Dans le but de contester une mécanique de sanction appliquée par l’Autorité de régulation des communications électroniques, des postes et de la distribution de la presse (Arcep), Orange a décidé le 3 février 2023 de s’attaquer au régulateur des télécoms. L’opérateur français est en mauvais termes avec l’Arcep depuis plusieurs mois.

Une histoire de déploiement de fibre optique

En portant plainte contre l’Arcep, Orange veut obtenir l’ouverture d’une question prioritaire de constitutionnalité (QPC) selon les informations du journal Le Monde. Cette procédure permet à une entité de contester une pratique si elle considère qu’elle est contraire aux droits et libertés garantis par la Constitution française. Dans le cas de l’opérateur français, c’est un mécanisme de sanction déployé par l’Arcep qui « porterait une atteinte disproportionnée à la liberté d’entreprendre ».

À l’origine de ce dépôt de QPC, un appel à manifestation d’intérêt lancé par le gouvernement français en 2011. Celui-ci visait à trouver des opérateurs prêts à octroyer la fibre à 3 600 villes moyennes françaises. Ces territoires étant moins rentables pour les opérateurs, l’État pensait qu’il aurait du mal à trouver des acteurs télécoms intéressés. Toutefois, SFR et Orange avaient manifesté leur intérêt. Ce dernier s’était même engagé à déployer la fibre dans plus de 11 millions de foyers.

L’ensemble de ces engagements ont été rédigés, puis signés par les deux parties. Toutefois, l’Arcep, garant de la bonne réalisation du déploiement, a une lecture différente de celle d’Orange. Au niveau juridique, les premiers désaccords surviennent en 2018. À cette période, Orange avait déposé une QPC contestant le mécanisme de sanction de l’Arcep, mais celle-ci avait été retirée, les deux parties s’étant entendues sur les termes du contrat.

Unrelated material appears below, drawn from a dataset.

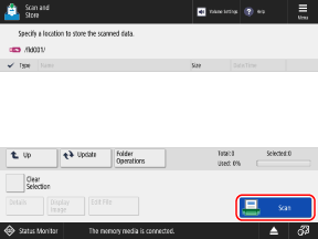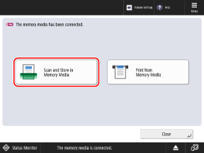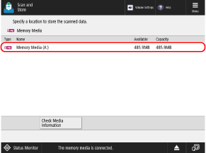 You can press [Check Media Information], select the USB memory device, and then press [Details] to check the serial number and available capacity of the USB memory device.
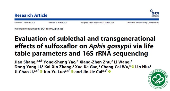 Aphis gossypii via life table parameters and 16S rRNA sequencing”为题于2021年4月17日在线发表在农林领域1区杂志《Pest Management Science(害虫管理科学)》上。

Mais en 2020, l’Arcep modifie les plans initiaux et oblige l’opérateur à couvrir 13 millions de foyers, au lieu des 11 millions initialement prévus.

Orange passe à l’attaque, l’Arcep se dit choqué

Après plusieurs mois de vifs débats, l’Arcep a mis en demeure l’opérateur le 17 mars 2022. Le régulateur affirmait qu’Orange ne respectait pas ses engagements pour le déploiement de la fibre optique dans les villes moyennes. Une sanction que l’entreprise française trouve lourde puisqu’elle estime avoir rempli ses objectifs. En décembre 2022, l’opérateur français a fibré 12,1 millions de foyers, 1,1 million de plus que le quota fixé en 2011. De son côté, l’Arcep réfute : seuls 87 % du chantier aurait été réalisé, en partant des 13 millions qu’il a fixés en 2020.

La directrice générale d’Orange, Christel Heydemann, avait exprimé sa colère à l’encontre de la mise en demeure prononcée par l’Arcep. Suite à ces contestations, la dirigeante a décidé de réagir et de porter plainte contre l’Arcep. Laure de la Raudière, présidente de l’autorité régulatrice serait « choquée » par le lancement de cette procédure.

Elle considère qu’Orange « cherche à se défausser d’engagements juridiquement opposables. Ce faisant, il renie sa parole qu’il avait pourtant donnée au gouvernement et au Parlement ». Laure de la Raudière a ensuite tenté de justifier les agissements de l’autorité qu’elle dirige auprès du Monde, « Orange semble s’étonner qu’un régulateur fasse de la régulation.  Sans pouvoir de sanction, un régulateur c’est un arbitre sans sifflet, un gendarme désarmé ».